-- Task item --
All lines from the beginning of the listing through the line with "Preschool Pom Pom" are to be copied word for word; the pictures are not.

-- Data extract --
---
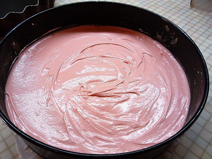 Вмешиваем краситель в тесто, выкладываем тесто в форму, застеленную бумагой для выпечки, и выпекаем в заранее разогретой духовке при температуре 180°С в течение 20 минут.
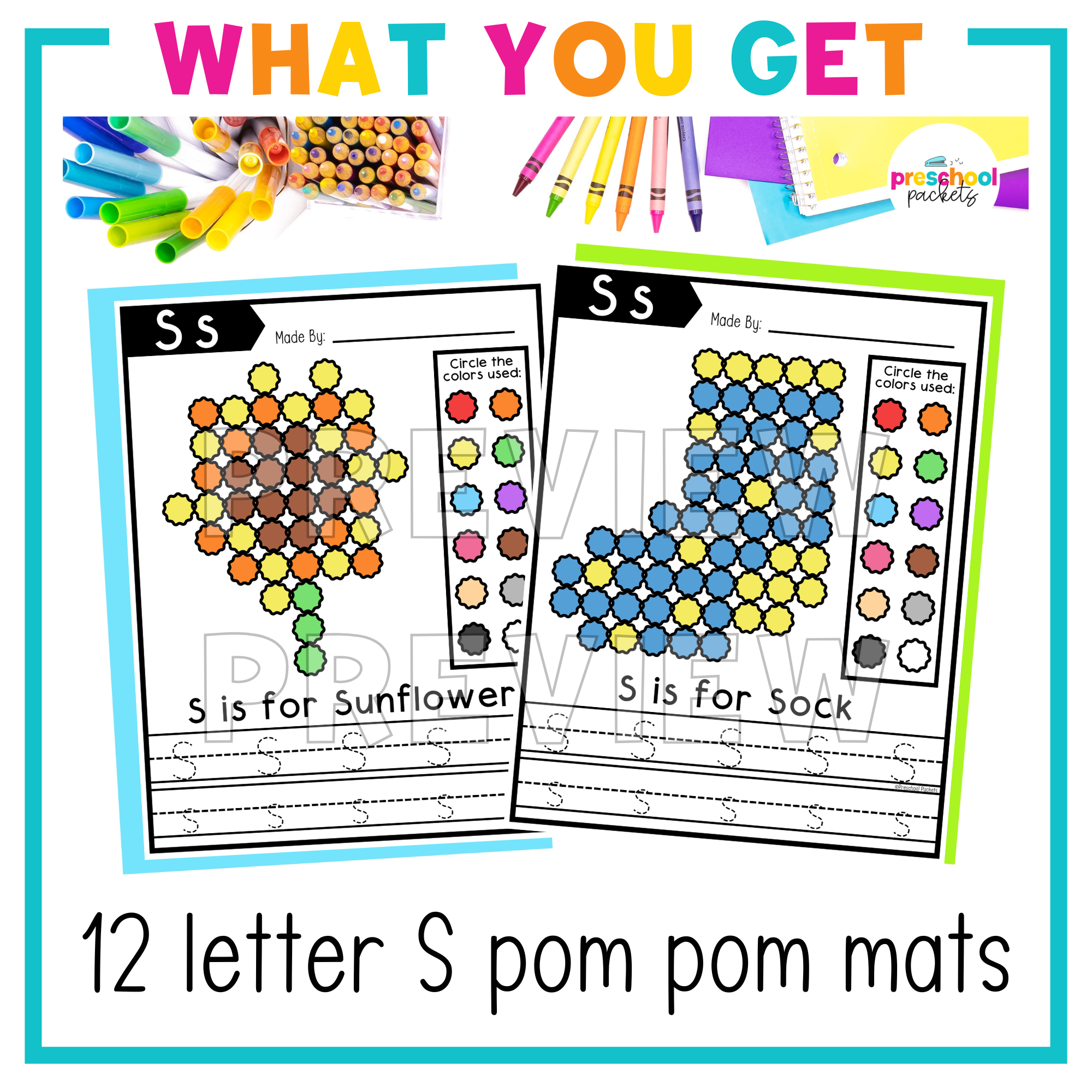 Preschool Pom Pom Fine Motor Mats – Letter S Activity Pack
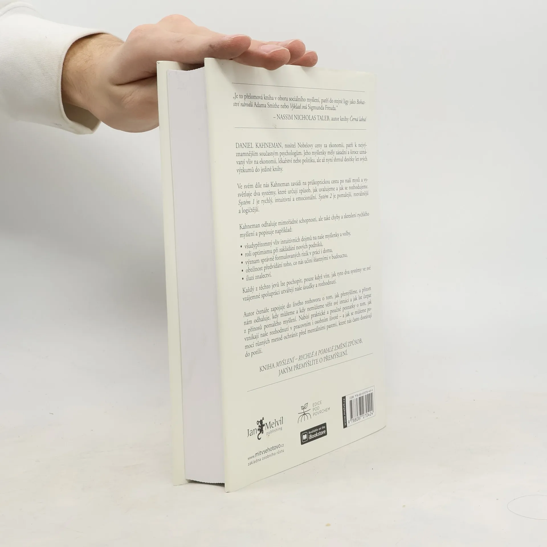 Daniel Kahneman, psycholog, držitel Nobelovy ceny za ekonomii, nás v průlomové práci, označované Nassimem Talebem za stejně významné dílo, jakým byl kdysi Freudův „Výklad snů“, seznamuje se dvěma systémy, které řídí to, jak přemýšlíme a jak se rozhodujeme. Systém 1 je rychlý, intuitivní a emocionální. Systém 2 je pomalý, váhavý a logický. Poutavý průvodce myslí nás ve čtivé knize vtahuje do dialogu o tom, jak přemýšlíme, a přitom odhaluje, v kterých situacích můžeme a kdy naopak nesmíme věřit své intuici (Systém 1) a také kdy a jak čerpat z přínosu pomalého myšlení (Systém 2). Nabízí praktické i poučné poznatky o tom, jak vznikají naše rozhodnutí v pracovním i osobním životě – a hlavně návod na to, jak se vyvarovat chyb.
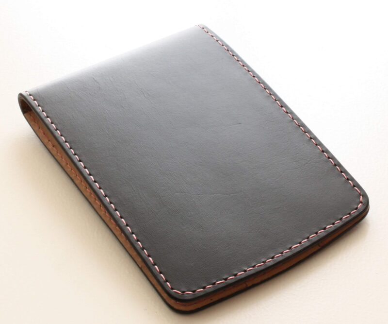 本革製スコアカードホルダー、外革黒、内革ナチュラル、ステッチピンクを1個在庫追加しました。 外側の革はセミアニリン仕上げです。 今後、この革のスコアカードホルダーの制作は未定ですので欲しい方はお早めにどうぞ。 -
---
-- Exercise response --
 Вмешиваем краситель в тесто, выкладываем тесто в форму, застеленную бумагой для выпечки, и выпекаем в заранее разогретой духовке при температуре 180°С в течение 20 минут.
 Preschool Pom Pom Fine Motor Mats – Letter S Activity Pack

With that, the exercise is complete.